EXERCISE PROMPT:
Please take the records that follow and repeat exactly the lines starting with the line with "- Wyraźne rozdzielenie" and going on through the line with "На рябине (что".

EXERCISE INPUT:

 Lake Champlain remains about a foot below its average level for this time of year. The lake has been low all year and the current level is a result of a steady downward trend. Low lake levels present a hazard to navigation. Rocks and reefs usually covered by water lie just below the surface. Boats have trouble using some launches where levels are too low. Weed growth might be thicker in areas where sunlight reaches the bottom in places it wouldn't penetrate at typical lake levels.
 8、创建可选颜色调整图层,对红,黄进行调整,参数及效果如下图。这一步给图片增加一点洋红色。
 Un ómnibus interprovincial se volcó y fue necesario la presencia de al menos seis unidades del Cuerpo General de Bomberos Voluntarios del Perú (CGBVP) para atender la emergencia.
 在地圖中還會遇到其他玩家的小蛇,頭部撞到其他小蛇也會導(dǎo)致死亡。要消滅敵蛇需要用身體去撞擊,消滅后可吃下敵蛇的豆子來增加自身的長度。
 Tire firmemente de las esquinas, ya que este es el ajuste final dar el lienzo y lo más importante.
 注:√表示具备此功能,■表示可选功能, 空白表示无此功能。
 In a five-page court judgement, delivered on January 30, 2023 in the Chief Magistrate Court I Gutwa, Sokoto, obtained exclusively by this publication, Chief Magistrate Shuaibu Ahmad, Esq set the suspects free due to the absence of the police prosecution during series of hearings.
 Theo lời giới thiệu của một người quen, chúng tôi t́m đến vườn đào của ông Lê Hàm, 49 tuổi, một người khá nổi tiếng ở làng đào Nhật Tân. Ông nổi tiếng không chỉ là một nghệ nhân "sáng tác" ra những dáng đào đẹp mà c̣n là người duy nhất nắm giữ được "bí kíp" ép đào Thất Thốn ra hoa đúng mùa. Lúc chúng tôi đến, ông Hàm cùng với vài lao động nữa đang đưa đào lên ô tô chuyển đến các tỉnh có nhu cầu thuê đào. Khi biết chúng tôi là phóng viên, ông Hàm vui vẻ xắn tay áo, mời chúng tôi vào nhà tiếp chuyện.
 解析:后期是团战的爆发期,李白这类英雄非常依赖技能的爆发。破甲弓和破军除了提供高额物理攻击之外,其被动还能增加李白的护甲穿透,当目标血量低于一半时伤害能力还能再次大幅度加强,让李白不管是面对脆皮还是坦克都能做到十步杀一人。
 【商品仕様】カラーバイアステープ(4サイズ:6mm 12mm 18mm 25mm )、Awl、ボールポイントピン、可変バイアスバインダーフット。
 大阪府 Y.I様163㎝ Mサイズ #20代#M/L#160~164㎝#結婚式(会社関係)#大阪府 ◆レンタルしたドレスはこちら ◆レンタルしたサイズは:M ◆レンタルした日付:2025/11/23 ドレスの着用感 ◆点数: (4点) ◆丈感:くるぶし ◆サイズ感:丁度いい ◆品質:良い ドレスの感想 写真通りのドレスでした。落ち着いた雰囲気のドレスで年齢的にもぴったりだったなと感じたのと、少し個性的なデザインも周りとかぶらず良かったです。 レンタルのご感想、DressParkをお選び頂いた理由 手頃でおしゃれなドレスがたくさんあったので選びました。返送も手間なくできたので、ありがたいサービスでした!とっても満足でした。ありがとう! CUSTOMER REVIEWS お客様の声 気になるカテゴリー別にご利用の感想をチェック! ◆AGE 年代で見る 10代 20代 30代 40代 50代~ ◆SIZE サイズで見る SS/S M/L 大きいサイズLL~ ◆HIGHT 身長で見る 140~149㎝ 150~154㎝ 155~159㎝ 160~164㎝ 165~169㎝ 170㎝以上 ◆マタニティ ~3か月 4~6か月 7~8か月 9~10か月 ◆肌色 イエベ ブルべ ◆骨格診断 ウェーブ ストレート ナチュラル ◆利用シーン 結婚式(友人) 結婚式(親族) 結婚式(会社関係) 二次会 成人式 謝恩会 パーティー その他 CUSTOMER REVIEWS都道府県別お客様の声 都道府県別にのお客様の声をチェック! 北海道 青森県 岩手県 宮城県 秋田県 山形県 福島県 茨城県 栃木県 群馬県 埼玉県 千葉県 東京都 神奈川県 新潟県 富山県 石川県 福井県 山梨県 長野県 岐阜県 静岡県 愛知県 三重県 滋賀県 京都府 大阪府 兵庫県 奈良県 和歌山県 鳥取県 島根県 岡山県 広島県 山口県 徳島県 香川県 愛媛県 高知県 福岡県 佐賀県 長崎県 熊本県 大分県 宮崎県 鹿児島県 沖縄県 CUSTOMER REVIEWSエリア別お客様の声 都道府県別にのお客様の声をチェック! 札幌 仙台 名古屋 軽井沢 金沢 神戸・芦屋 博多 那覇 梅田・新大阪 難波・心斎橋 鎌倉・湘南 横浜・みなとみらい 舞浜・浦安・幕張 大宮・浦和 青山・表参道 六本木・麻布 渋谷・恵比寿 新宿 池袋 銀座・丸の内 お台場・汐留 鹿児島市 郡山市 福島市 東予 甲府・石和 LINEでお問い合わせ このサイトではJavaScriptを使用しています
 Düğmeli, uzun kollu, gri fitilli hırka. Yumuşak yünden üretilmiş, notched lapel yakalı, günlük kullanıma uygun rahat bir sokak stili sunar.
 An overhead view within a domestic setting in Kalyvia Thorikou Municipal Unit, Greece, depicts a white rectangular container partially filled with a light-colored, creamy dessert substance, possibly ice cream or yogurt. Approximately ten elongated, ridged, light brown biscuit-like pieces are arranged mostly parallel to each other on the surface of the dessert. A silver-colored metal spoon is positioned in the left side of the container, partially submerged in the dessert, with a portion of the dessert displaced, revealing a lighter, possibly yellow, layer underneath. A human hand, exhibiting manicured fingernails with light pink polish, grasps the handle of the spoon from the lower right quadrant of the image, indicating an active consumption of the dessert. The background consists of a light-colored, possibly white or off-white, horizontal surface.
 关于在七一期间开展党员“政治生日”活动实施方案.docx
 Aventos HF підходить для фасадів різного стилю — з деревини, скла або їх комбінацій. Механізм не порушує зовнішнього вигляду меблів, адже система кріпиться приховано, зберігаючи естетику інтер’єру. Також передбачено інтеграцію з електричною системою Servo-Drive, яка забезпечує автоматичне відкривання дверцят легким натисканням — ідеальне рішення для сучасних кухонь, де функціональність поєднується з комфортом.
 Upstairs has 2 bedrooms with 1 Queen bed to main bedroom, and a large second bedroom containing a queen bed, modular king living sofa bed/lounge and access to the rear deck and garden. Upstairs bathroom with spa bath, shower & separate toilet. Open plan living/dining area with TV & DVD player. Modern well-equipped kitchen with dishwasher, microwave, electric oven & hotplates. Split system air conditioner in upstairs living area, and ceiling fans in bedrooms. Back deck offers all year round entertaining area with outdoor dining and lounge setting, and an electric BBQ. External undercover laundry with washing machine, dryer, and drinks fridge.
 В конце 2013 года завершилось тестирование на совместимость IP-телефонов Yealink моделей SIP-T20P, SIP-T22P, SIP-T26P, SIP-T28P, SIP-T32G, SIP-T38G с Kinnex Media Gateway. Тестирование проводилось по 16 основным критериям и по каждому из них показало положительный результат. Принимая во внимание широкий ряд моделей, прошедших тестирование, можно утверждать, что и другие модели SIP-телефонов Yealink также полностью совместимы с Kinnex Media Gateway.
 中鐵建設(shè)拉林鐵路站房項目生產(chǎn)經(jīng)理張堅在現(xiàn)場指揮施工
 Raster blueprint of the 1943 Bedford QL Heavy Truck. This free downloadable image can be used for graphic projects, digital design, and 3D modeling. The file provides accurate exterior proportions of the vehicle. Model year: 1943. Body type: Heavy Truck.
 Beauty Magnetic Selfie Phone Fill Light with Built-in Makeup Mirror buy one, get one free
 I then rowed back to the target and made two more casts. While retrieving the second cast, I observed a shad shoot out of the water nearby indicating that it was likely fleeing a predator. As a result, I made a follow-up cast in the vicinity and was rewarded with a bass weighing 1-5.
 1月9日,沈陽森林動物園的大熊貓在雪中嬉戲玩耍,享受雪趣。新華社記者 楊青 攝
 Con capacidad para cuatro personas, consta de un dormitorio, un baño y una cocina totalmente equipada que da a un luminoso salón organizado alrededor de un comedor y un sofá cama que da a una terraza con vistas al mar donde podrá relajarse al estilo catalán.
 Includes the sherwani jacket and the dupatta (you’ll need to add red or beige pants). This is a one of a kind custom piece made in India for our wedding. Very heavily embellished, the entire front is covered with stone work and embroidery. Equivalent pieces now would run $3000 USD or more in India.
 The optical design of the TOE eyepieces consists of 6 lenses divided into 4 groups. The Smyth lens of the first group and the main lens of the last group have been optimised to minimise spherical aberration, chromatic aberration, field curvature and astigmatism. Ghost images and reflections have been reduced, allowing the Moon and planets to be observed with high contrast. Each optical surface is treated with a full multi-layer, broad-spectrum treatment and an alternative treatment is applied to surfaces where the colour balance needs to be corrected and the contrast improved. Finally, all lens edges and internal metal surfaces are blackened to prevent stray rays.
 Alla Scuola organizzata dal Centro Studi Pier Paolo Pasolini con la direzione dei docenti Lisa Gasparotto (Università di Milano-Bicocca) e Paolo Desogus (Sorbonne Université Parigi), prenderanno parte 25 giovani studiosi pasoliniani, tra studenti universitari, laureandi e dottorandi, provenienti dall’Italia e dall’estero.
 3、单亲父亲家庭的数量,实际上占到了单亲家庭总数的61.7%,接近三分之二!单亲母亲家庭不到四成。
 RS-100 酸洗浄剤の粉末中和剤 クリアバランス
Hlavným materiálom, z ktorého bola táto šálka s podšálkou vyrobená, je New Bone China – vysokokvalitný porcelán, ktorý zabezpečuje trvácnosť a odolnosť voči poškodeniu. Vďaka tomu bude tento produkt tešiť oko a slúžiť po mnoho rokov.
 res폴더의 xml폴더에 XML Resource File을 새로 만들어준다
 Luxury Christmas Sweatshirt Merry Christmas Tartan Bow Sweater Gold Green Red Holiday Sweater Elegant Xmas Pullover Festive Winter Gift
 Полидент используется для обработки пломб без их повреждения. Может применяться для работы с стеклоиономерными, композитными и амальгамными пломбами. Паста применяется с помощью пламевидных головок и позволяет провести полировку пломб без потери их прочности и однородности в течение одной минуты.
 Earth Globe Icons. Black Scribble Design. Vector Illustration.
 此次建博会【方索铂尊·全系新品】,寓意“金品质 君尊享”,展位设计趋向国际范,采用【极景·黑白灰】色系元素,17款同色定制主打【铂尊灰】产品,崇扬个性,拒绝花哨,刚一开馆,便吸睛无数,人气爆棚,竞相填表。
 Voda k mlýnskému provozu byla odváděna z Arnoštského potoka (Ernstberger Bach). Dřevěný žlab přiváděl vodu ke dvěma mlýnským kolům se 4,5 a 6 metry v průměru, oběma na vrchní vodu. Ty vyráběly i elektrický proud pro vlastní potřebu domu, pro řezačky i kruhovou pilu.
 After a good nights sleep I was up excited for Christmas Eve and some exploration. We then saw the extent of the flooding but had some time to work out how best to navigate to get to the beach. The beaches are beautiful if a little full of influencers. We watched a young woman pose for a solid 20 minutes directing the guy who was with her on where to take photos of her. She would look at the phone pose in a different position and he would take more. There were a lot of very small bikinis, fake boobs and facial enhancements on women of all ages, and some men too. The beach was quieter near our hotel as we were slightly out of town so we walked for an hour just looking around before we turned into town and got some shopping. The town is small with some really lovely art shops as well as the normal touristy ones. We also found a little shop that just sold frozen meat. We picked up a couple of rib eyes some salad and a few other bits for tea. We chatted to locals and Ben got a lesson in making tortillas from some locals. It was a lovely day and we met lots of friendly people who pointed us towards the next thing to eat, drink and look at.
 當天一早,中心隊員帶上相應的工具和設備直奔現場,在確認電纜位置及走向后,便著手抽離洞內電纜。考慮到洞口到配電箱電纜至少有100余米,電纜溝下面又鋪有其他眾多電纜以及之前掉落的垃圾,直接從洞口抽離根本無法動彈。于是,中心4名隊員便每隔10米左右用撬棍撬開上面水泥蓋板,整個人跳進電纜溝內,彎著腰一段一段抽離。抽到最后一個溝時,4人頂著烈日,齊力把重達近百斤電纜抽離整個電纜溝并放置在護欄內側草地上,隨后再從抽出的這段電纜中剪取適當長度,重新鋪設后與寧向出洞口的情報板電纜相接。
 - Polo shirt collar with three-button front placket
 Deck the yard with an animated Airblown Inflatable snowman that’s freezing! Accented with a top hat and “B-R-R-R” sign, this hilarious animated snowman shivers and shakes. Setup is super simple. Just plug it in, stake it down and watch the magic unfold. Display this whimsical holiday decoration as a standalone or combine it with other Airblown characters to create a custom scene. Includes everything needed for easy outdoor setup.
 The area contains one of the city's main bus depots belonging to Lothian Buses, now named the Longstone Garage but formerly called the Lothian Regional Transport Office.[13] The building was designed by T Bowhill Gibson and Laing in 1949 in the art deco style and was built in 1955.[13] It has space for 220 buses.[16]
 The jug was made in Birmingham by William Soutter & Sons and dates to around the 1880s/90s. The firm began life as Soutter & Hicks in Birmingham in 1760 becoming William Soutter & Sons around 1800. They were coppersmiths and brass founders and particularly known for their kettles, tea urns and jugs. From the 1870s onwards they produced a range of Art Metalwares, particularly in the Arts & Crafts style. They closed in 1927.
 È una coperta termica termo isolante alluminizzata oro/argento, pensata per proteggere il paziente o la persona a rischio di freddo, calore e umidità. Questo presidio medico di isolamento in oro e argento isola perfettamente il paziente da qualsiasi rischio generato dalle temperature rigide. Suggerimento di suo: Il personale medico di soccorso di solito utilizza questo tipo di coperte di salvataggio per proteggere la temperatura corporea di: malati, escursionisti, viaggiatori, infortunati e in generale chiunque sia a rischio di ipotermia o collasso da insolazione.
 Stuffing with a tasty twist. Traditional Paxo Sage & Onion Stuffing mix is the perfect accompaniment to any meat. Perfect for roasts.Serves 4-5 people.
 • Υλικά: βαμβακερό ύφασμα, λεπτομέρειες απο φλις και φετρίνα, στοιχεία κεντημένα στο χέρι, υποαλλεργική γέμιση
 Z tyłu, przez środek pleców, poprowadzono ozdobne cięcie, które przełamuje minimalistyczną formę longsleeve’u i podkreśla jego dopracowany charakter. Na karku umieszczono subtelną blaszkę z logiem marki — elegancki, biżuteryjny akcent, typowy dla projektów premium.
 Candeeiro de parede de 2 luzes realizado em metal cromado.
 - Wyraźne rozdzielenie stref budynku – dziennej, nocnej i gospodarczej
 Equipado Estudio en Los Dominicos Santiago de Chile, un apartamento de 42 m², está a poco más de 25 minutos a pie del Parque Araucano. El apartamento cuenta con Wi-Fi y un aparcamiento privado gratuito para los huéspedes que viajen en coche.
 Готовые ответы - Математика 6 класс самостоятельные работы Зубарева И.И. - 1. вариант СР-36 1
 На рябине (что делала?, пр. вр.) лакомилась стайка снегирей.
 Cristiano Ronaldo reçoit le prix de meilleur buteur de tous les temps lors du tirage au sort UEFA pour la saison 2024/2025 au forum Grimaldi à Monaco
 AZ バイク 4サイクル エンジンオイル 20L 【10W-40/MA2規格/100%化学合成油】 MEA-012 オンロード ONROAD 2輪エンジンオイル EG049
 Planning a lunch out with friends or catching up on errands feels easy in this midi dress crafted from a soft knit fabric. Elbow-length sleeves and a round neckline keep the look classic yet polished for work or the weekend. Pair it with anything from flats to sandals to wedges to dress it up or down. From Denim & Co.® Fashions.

ANSWER SPACE:
 - Wyraźne rozdzielenie stref budynku – dziennej, nocnej i gospodarczej
 Equipado Estudio en Los Dominicos Santiago de Chile, un apartamento de 42 m², está a poco más de 25 minutos a pie del Parque Araucano. El apartamento cuenta con Wi-Fi y un aparcamiento privado gratuito para los huéspedes que viajen en coche.
 Готовые ответы - Математика 6 класс самостоятельные работы Зубарева И.И. - 1. вариант СР-36 1
 На рябине (что делала?, пр. вр.) лакомилась стайка снегирей.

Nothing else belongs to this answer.